I married this guy. He’s cute and all, but he doesn’t like cake. Specifically, he doesn’t like cake because of the frosting.
Personally, I believe that cake only exists to serve a purpose for frosting, but whatever. He thinks that the frosting ruins a cake and he won’t eat it.
He even makes judge-y faces at me when I scrape his frosting off a piece of cake for him and proceed to eat the frosting with a spoon. He thinks that’s “weird.” Or “gross.” Or “a problem that needs medical help.” Doesn’t he understand that I’m only doing that to help him out?
He just doesn’t get me.
But, then! I made this cake. And I topped it with this glaze. He looked at me with his sad eyes, all “oh, you had to ruin it with the frosting, didn’t you?”
So, I did what any loving wife would do and I begged him to just try a tiny bite of the frosting. Off a spoon. The way God intended. Making him try foods that he’s already declared he hates is a hobby of mine.
This time, though, he liked it. In fact, he ate a SECOND spoonful of frosting. Then he ate a piece of cake and the heavens rejoiced.

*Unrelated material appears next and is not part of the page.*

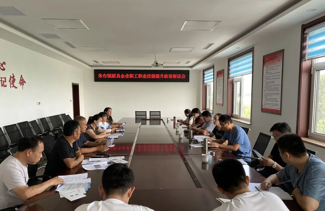 7月29日,临淄区公共就业和人才服务中心携手淄博市技师学院到朱台镇举办“厨具企业职工职业技能提升政策解读会”,与有关企业负责人座谈交流沟通。

What I’m saying is, this browned butter glaze/frosting saves marriages. We nearly had to divorce over our difference of opinion, but now I can continue having someone around to take out the trash. Thank goodness.
Pumpkin Cake with Browned Butter Glaze
This is basically Fall on a cake stand. The pumpkin flavor shines through in the cake and it's deliciously moist. Using a cake mix makes things simple, too. The glaze is simply out of this world. Browned butter truly is magical.
For the cake:
1 (18.25 ounce) package yellow cake mix
1/2 cup white sugar
1/2 cup vegetable oil
1 can (15 ounces) pumpkin
1/4 cup water
1 teaspoon ground cinnamon
For the glaze:
4 tablespoons butter
1 cup powdered sugar
2 tablespoons milk or cream
1/2 teaspoon vanilla
To make the cake:
Preheat oven to 350 degrees and butter a bundt pan. (If you don't have a bundt pan, cake pans or a 9x13 dish will work, but reduce the baking time if needed.)

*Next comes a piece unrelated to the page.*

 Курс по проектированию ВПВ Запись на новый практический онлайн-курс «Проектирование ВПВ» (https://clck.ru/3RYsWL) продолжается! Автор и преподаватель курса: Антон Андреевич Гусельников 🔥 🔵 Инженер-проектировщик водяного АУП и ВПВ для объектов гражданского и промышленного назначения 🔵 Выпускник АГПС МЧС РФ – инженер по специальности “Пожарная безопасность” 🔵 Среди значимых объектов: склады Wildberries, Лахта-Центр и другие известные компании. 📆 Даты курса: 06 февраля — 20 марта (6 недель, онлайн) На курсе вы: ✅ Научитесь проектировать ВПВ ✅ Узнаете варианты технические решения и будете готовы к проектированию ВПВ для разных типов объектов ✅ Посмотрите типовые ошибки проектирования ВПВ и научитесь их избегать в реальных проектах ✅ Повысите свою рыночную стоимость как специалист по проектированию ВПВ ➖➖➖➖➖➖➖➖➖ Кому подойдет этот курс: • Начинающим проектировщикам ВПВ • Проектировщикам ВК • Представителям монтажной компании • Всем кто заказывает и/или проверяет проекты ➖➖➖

Beat together all ingredients in the bowl of a stand mixer for 2 minutes or until well combined, light, and somewhat fluffy.

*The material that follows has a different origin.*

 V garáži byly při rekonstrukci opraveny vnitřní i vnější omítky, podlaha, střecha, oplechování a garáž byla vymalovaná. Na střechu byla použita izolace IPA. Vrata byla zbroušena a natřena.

Add batter to bundt pan and bake for 40-50 minutes or until a tester comes out clean.
Cool for 15 minutes in the bundt pan before turning onto a cake platter to finish cooling.
For the glaze:
Melt the butter in a small saucepan over low heat until browned, about 8 minutes.
Pour the butter into a small bowl and whisk in the powdered sugar, milk, and vanilla until smooth.
Drizzle over the top of the cooled cake.